Cuando la cuestión debatida por la vía del recurso de apelación es la valoración de la prueba llevada a cabo por el Juez Penal, el uso que haya hecho de su facultad de libre apreciación de las pruebas practicadas en el juicio, reconocida en el artículo 741 de la Ley de Enjuiciamiento Criminal y plenamente compatible con los derechos de presunción de inocencia y a la tutela judicial efectiva, siempre que tal proceso valorativo se motive o razone adecuadamente en la sentencia, únicamente deba ser rectificado, bien cuando en verdad sea ficticio, por no existir el imprescindible soporte probatorio de cargo, vulnerándose entonces el principio de presunción de inocencia, o bien cuando un detenido y ponderado examen de las actuaciones ponga de relieve un manifiesto y claro error del Juzgador 'a quo' de tal magnitud y diafanidad que haga necesaria, con criterios objetivos y sin el riesgo de incurrir en discutibles y subjetivas interpretaciones del componente probatorio existente en autos, una modificación de la realidad fáctica establecida en la resolución apelada.
En consecuencia, el juicio probatorio sólo será contrastable por vía de recurso en lo que concierne a las inducciones realizadas por el Juez 'a quo', de acuerdo con las reglas de la lógica, los principios de la experiencia y de los conocimientos científicos, examinando su razonabilidad y respaldo empírico, pero no en lo relativo a la credibilidad de los testimonios o declaraciones oídos por el Juzgador, teniendo en cuenta si tales inferencias lógicas han sido llevadas a cabo por el órgano judicial de forma arbitraria, irracional o absurda, es decir, si la valoración de la prueba ha sido hecha mediante un razonamiento que cabe calificar de incongruente o apoyado en fundamentos arbitrarios, como aquellos que aplican criterios contrarios a los preceptos constitucionales.
La declaración de hechos probados hecha por el Magistrado 'a quo', no debe ser sustituida o modificada en la apelación, salvo que se aprecie manifiesto y patente error en la apreciación de la prueba; que el relato fáctico sea incompleto, incongruente o contradictorio; o que sea desvirtuado por nuevos elementos de prueba practicados en la segunda instancia.
CUARTO.-Aplicando lo anteriormente expuesto al supuesto sometido a nuestra consideración, el Magistrado-Juez de lo Penal para formar su convicción, ha contado y valorado para proceder a la condena del acusado por el delito de resistencia, con los testimonios del propio acusado, de los agentes de la Policía, quienes se ratifican en su atestado y, aseguran que acuden en auxilio del agente de seguridad pues el acusado le gritaba haciendo aspavientos con las manos, tratando de calmarlo, y tratan de que entre en el interior para que se calmara, persistiendo en los aspavientos contra los agentes, propinando un empujón al primer agente que depuso en el plenario, procediendo a detenerlo, empleando la mínima fuerza indispensable, si bien, opuso un fuerte forcejeo contra los agentes.

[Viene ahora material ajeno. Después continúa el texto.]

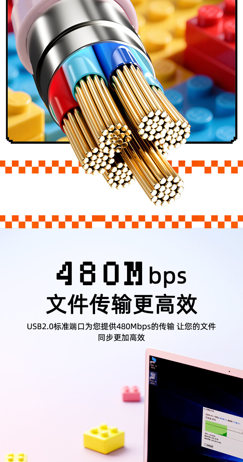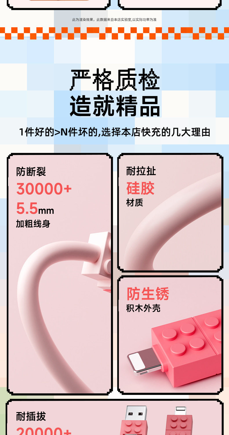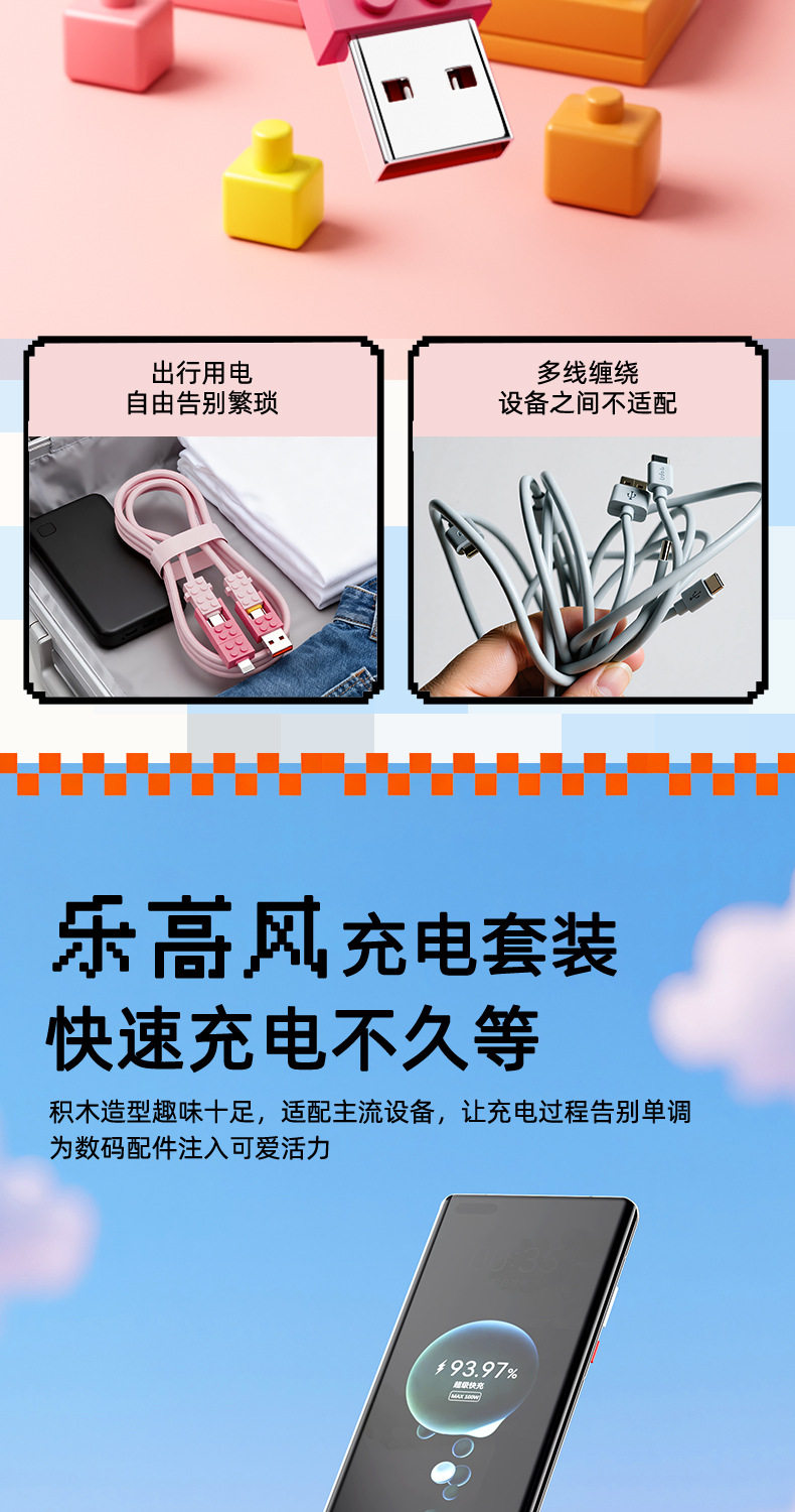 lego building blocks four-in-one data cable [blue pink] 1.5 m

Los testimonios de los agentes aseguraron de forma coincidente que después de que se encara el acusado con ellos, pese a que tratan de calmarlo, empuja a uno de los agentes, lo que motiva que le lean sus derechos y detengan, no obstante persiste en el enfrentamiento, forcejando y lanzando manotazos y patadas que no alcanzan a los agentes, al esquivarlos, motivo por el que no causa lesiones a ningún agente. En este sentido ya se pronunció el agente NUM001 en su declaración -al folio 31- de las actuaciones.
Pese a que los agentes se encontraban en el ejercicio de sus funciones, uniformados, la versión otorgada por el acusado carece de base probatoria, pues aseguró que fue agredido, golpeado por los agentes, sin embargo, después de ser detenido fue inmediatamente llevado al médico, que no aprecia ninguna lesión, como tampoco el Médico Forense, al día siguiente, cuando manifestó golpes en cuello, manos, espalda, no objetivas lesiones a la exploración. Sin que el alegato del acusado en el plenario tenga la más mínima razonabilidad, cuando indica que le llevaron al Médico sin haberlo pedido e incluso le pincharon en el centro de salud, pero que no sería cierto porque él a los pocos días acudió a su centro de salud y aún tenía lesiones avanzadas, bultos en la cabeza, lesiones en la espalda, moratones.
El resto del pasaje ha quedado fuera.